I helped him up and left him standing there, crouching with his hands on his thighs, I searched for my gun in the grass. I found it about twenty feet away. I opened the chamber out of habit to be sure it was still fully loaded and rejoined him. He lumbered his way to the door, ignoring me.

I noted that the baseball bat had landed on the ground behind him. I kicked it into the street.

He dabbed at his face and looked to see if there was anymore blood. "You fight like a girl," he said.

The Author Must Inhabit The Mind of the Fighter

It is important that the author learn what it is like not only to throw a punch, but to take one, as well. Most of us have not been in an actual fight (at least as adults), yet we write about them with impunity. I am not advocating that a brawl take place at the next writer’s convention, but certainly, there is something to be said for an author going to the local marital arts school and learning the basics of controlled sparring.

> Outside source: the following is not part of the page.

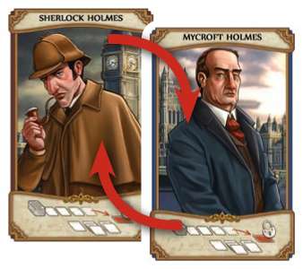 To increase the tactical difficulty of the game you can use the special, double-sided Sherlock & Mycroft card.

If you are afraid to try that, use that fear in your story. Emotional content is a powerful tool for a writer. Your characters should be afraid to fight on some level. The way they deal with that fear, either by denying it; using it to bolster their awareness; or allowing it to overtake them in a fit of panic, will establish the realism of your fight scene.

Perhaps your central character is so angry that he sets aside the fear. Perhaps your character is protecting a loved one so she ignores her slight stature and lack of real training and proceeds to overcome a larger opponent. The actual punching and kicking should be secondary. You must guide the reader into inhabiting your character’s feelings and motivations about the hostile encounter.

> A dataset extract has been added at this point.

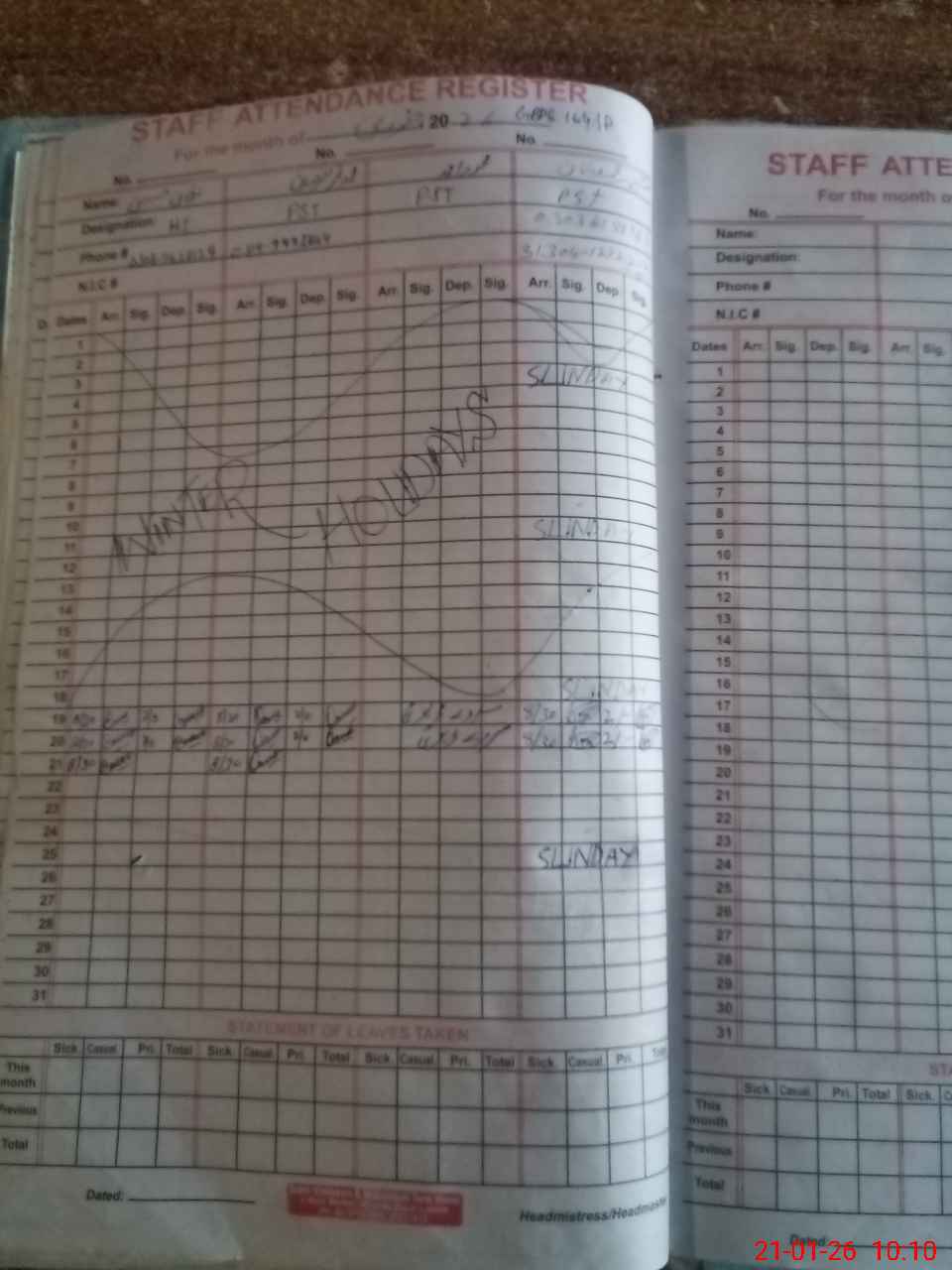 | CNIC | Full Name | Designation | R/C | Absence During Last Calender Month |

You Need Not Describe Every Grunt

We all know the standard refrain for new writers: show don’t tell. In a fight scene, the author can “tell” the reader a great deal about his characters by simply “showing” how they fight. In this scene from my book, Point and Shoot, I wanted to paint a portrait of how an older man named, Grandfather, would overcome two younger, stronger ones, whom I call White Shirt and Pony Tail, by utilizing the internal aspects of the martial arts.

"Management. We had a complaint from one of the other guests about noise."

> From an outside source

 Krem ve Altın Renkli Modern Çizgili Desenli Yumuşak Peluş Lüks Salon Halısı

"We're leaving," he replied. "Give us ten minutes to clean up."

"I can't hear you, sir."

White Shirt leaned into the door. "I said we're leaving."

Suddenly the door exploded off its hinges, smashing directly into him. He arced across the room.

I had so rarely seen Grandfather let loose to maximum effect in these last years. When he did, it looked nothing like what Bette and I would do, none of those solid and crisp Kempo Karate combinations he had taught me so long ago, drawn from the basic system. His movements were now hidden and obscure.

And unstoppable.

He calmly stepped inside the room. Pony Tail leveled his gun, taking aim from the other side. Grandfather ran his hand in a large arc from head to waist. It looked like he was fanning the air. Pony Tail shouted in pain and fell backward, dropping the gun.

Grandfather approached him without haste. Pony Tail righted himself and scrambled to pick up the gun again.

Still far away from him, Grandfather clapped his hands together, and twisted his palms outward. The younger man smashed against the far wall, caught in a wave of energy. That gave Grandfather the time he needed to reach him. He placed his fingers gently on Pony Tail’s gun hand. The weapon immediately dropped to the floor once more. Then he lightly tapped the center of Pony Tail’s chest. The younger man collapsed to the ground, unconscious.

By now, White Shirt had pulled himself back together. He had his gun aimed.

Without touching him, Grandfather made a short, blunt movement which I did not recognize. White Shirt grimaced and dropped the gun, holding his hands to his temples. There was another blunt movement, this one emanating from a twist in Grandfather’s hip, something akin to a bump and grind.

White Shirt also collapsed to the ground.

Conclusion

Fight scenes should be viewed as opportunities to develop characterization and introduce emotional content to the story. To do so, the author must present a both physically and mentally authentic description of the encounter. Now, go out there and have your characters kick some ass.